Available for Console Viewing

We All Have Tales: Koi and the Kola Nuts

Whoopi Goldberg tells this African folktale in which Koi, the son of a chief, inherits only a single kola tree when his father dies. Offended at his small inheritance, he sets off into the jungle, looking for a village where people know how to treat the son of a chief. Music composed and produced by Herbie Hancock. Recommended for younger viewers. (1991; 25 minutes) 

The Wonderful World of Disney: Selma, Lord, Selma

Based on a true story by Sheyann Webb and Rachel West, two of the youngest recruits in the civil rights movement, this fictional account tells the story of how the two young schoolgirls were inspired by the leadership of Martin Luther King, Jr. Along with a young white seminary student from the North, Webb and West join their community in the historic march from Selma to Montgomery, Alabama. Recommended for younger viewers. (1999; 90 minutes) 
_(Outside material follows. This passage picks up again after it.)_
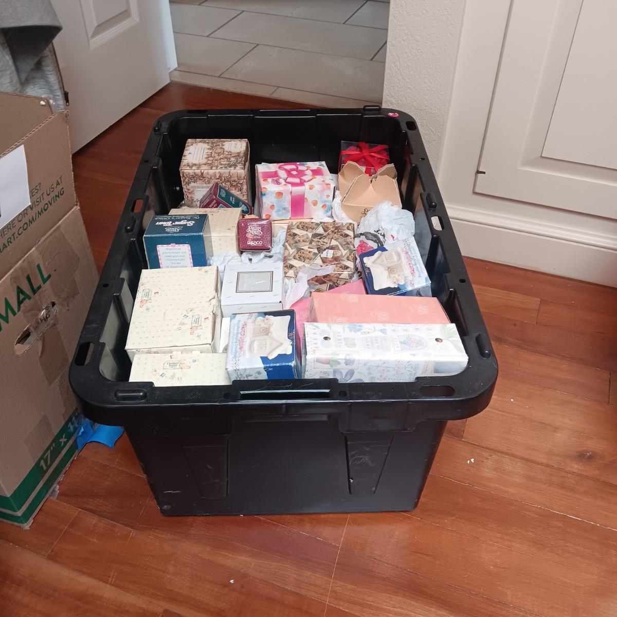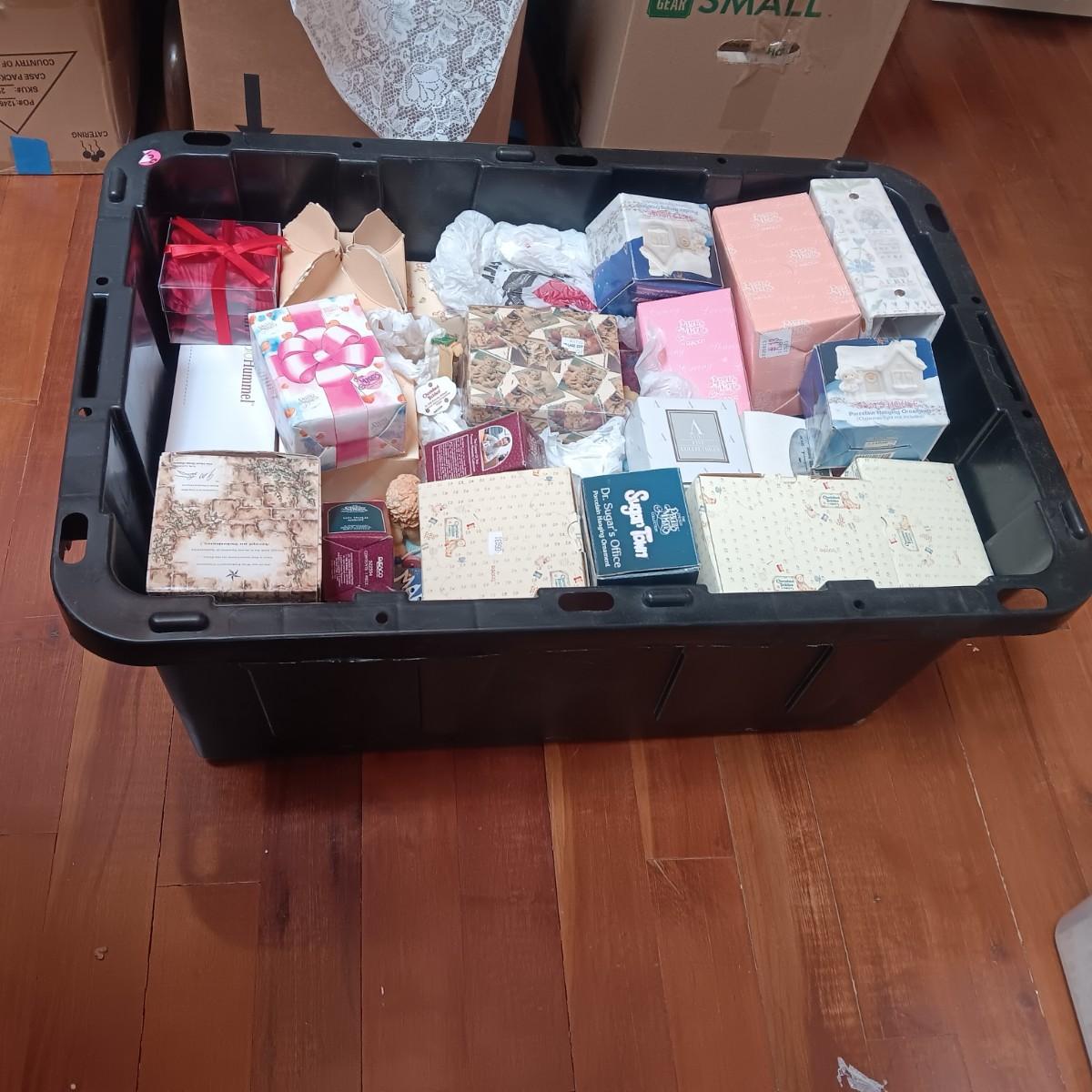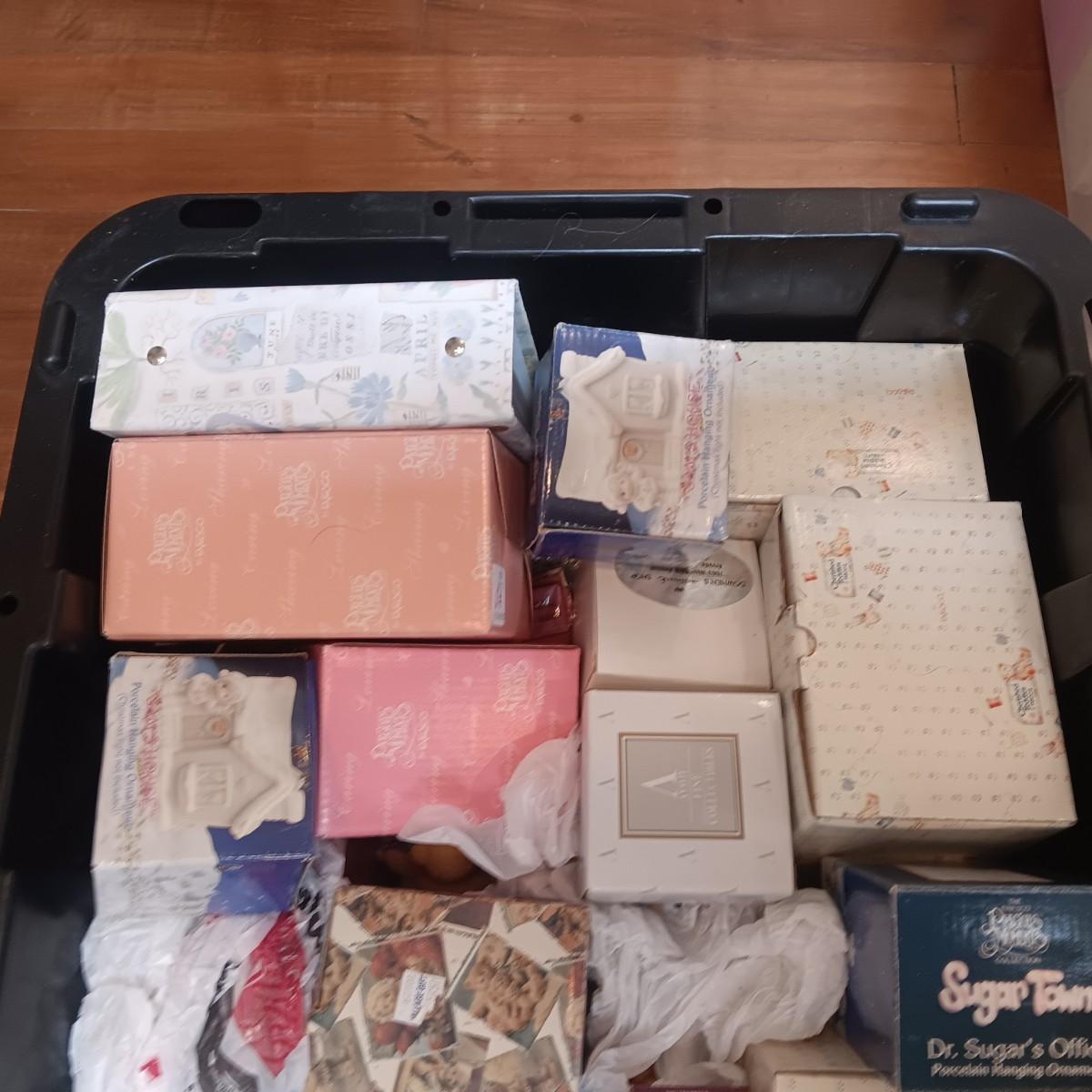 17 GALLON TOTE FULL OF MOSTLY CHERISHED TEDDIES AND PRECIOUS MOMENTS

Art Blakey: The Jazz Messenger

Art Blakey took pride in the fact that jazz was the only art created in America and that it originated in black culture. This British documentary highlights Blakey's continuing efforts to spread his love of jazz to listeners around the globe, particularly to young black artists, through his band the Jazz Messengers. Musicians Dizzy Gillespie, Wayne Shorter, Bobby Watson, Benny Golson, and Wynton Marsalis, among many others, talk about Blakey's influence. Blakey himself is seen playing and talking about jazz. (1987; 80 minutes) 

The American Experience: Malcolm X: Make It Plain

This documentary, by filmmaker Orlando Bagwell, explores the life of black leader Malcolm X. The film explores Malcolm's childhood, prison years, conversion to Islam, marriage, activism, and his ultimate spilt with the Nation of Islam. Interviews with other black leaders and friends such as Maya Angelou, Alex Haley, Sonia Sanchez, and Gordon Parks, as well as his wife Betty Shabazz, complete the portrait. (1994; 150 minutes) 

Ailey Dances

One of America's most important choreographers, Alvin Ailey revolutionized dance by infusing the formal discipline of classical ballet with the vibrant rhythms and cadences of African-American music and dance traditions. The Alvin Ailey American Dance Theater performs the dancesNight CreatureCryThe Lark Ascending, and Revelations, with introductions by former Ailey dancer Judith Jamison. (1983; 90 minutes) 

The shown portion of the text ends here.